4. Stabilita la modalità di segnalazione, il segnalante procederà compilando il form, scegliendo altresì la società per la quale s’intende effettuare la segnalazione 

Canale di segnalazione esterna 

Il/la segnalante può presentare una segnalazione tramite il canale di segnalazione esterna istituito dall’ANAC, nei seguenti casi: 

– Il/la segnalante ha effettuato una segnalazione tramite il canale di segnalazione interna, ma la segnalazione non ha avuto seguito o si è conclusa con un provvedimento negativo; 

– Il/la segnalante ha fondati motivi di ritenere che la segnalazione interna non avrebbe seguito, o che potrebbe comportare un elevato rischio di ritorsione; 

– Il/la segnalante ritiene che la violazione potrebbe costituire un pericolo imminente o palese per il pubblico interesse. 

10. Divulgazioni pubbliche 

Il/la segnalante può procedere con una divulgazione pubblica nei seguenti casi: 

– Il/la segnalante ha già presentato una segnalazione interna ed esterna o direttamente una segnalazione esterna e non c’è stato riscontro; 

– Il/la segnalante ha fondato motivo di ritenere che la violazione possa costituire pericolo imminente o palese per il pubblico interesse; 

– Il/la segnalante ha fondato motivo di ritenere che la segnalazione esterna possa determinare rischio di ritorsioni o non avere seguito. 

Responsabilità del/della segnalante 

La presente procedura lascia impregiudicata la responsabilità penale e disciplinare del/della segnalante nell’ipotesi di segnalazione in mala fede ai sensi del codice penale e dell’art. 2043 del codice civile. Sono altresì fonte di responsabilità, in sede disciplinare e nelle altre competenti sedi, eventuali forme di abuso, quali le segnalazioni manifestamente opportunistiche e/o effettuate al solo scopo di danneggiare il/la denunciato/a o altri soggetti, e ogni altra ipotesi di utilizzo improprio o di intenzionale strumentalizzazione dell’istituto oggetto della presente procedura. 

FASE 1 – In caso di esito positivo della valutazione preliminare sulla fondatezza della segnalazione, l’OdV procede con l’avvio delle verifiche ed indagini interne al fine di raccogliere ulteriori informazioni di dettaglio e verificare la fondatezza dei fatti segnalati mediante verifiche dirette o attraverso l’ausilio di consulenti o di strutture interne adeguatamente qualificate. 

FASE 2 – La fase di verifica si conclude con la stesura di un apposito Report, che formalizza il contesto di riferimento della segnalazione, il quadro normativo e procedurale di riferimento, le attività di verifica svolte e i relativi risultati/osservazioni ottenute. Il Report propone inoltre le azioni da intraprendere in relazione a ciascuna osservazione/rilievo formulati. 

In caso di Segnalazioni che riguardino i soggetti deputati a decidere eventuali misure disciplinari, denunce o altre azioni, l’OdV coinvolge immediatamente il/la Presidente del Consiglio di Amministrazione e/o Amministratore/Amministratrice Delegato/a, al fine di coordinare e definire il successivo processo di indagine. 

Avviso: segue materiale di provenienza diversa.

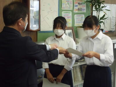 先日の新生徒会役員選挙により新役員が決定しました。今日は、テストを終えた全校生徒に新役員のお披露目と新旧役員による引き継ぎ式を行いました。新役員のみなさん、上昇中の葛飾中をよろしくお願いします。生徒の皆さん、ご協力をお願いします。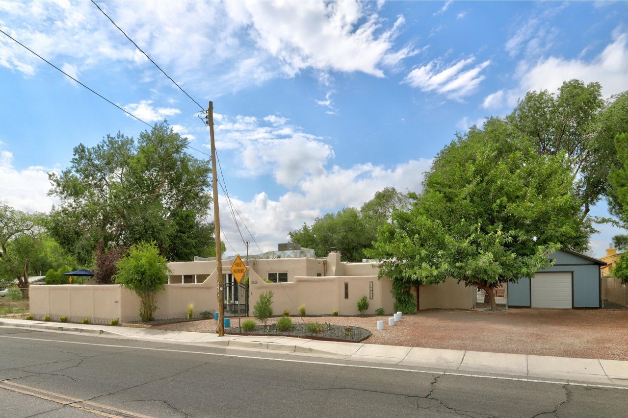 This beautiful, walkable and bikeable home sits on a private, secure .60 acre lot just a short distance from Old Town,Saw Mill, downtown & the Bosque. This home blends timeless character & charm with modern amenities. Natural light fills the home creating a cheery, welcoming space. Sellers made over $250,000 in improvements in 2022 including completely remodeled kitchen & baths, new flooring, new centrally ducted HVAC system, addition of a garage, California Closets and the list goes on. A complete list of improvements is available under documents. The detached 652 sqft studio is perfect for a private art studio or working space and/or gym but could be transformed into an additional dwelling unit. The irrigation well allows for endless possibilities regarding landscaping or urban farming.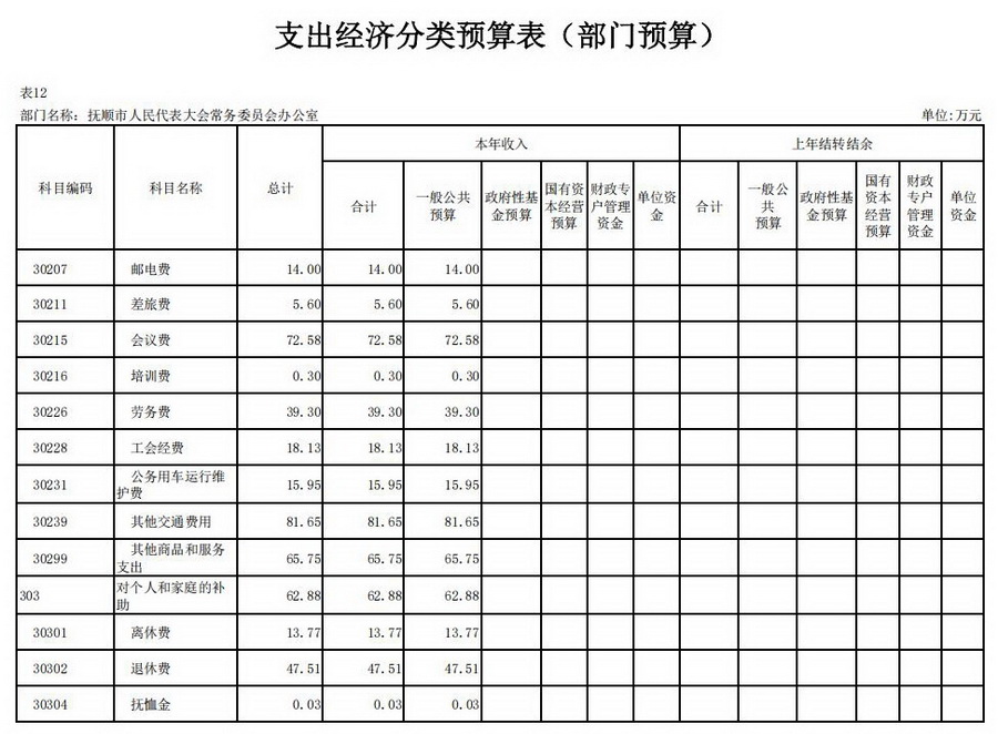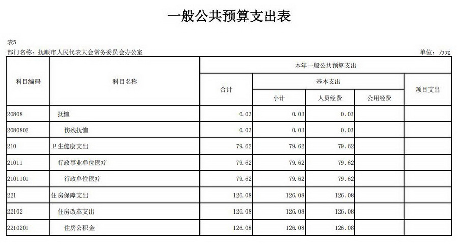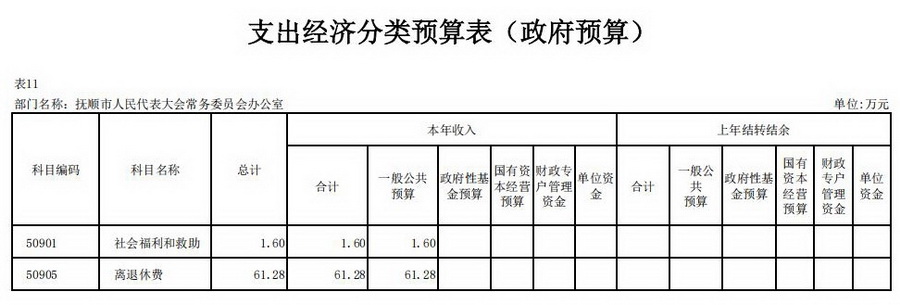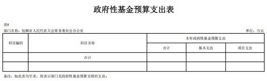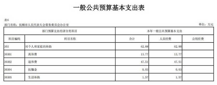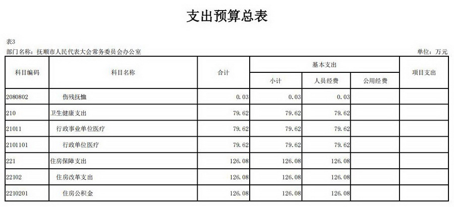2026年抚顺市人民代表大会常务委员会办公室部门预算公开表

In caso di Segnalazioni che riguardano il/la Presidente del Consiglio di Amministrazione e/o l’Amministratore/Amministratrice Delegato/a, l’Organismo di Vigilanza dà comunicazione immediata al Collegio Sindacale. 

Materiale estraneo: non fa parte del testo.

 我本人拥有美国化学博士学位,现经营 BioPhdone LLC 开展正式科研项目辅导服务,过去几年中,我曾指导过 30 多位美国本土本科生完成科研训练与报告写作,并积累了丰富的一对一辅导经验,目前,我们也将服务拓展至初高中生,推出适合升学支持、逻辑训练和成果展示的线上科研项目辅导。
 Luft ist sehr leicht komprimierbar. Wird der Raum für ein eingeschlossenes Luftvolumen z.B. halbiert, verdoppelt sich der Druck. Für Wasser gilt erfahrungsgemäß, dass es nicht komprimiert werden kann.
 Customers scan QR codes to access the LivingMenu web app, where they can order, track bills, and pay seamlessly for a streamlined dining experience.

FASE 3 – Gli esiti delle valutazioni di tutte le Segnalazioni ricevute confluiscono in una reportistica ad hoc che sarà oggetto di informativa su base periodica al Consiglio di Amministrazione/Collegio Sindacale. L’OdV ha la responsabilità di segnalare tempestivamente al CdA ed al Collegio Sindacale qualsiasi violazione del Modello oppure condotte illegittime e/o illecite, di cui sia venuto a conoscenza per segnalazione da parte dei dipendenti e/o collaboratori, che ritenga fondate o che abbia accertato esso stesso. 

L’OdV ha inoltre l’obbligo di informare immediatamente il Collegio Sindacale, nonché il CdA, qualora la violazione riguardi i vertici dell’Azienda.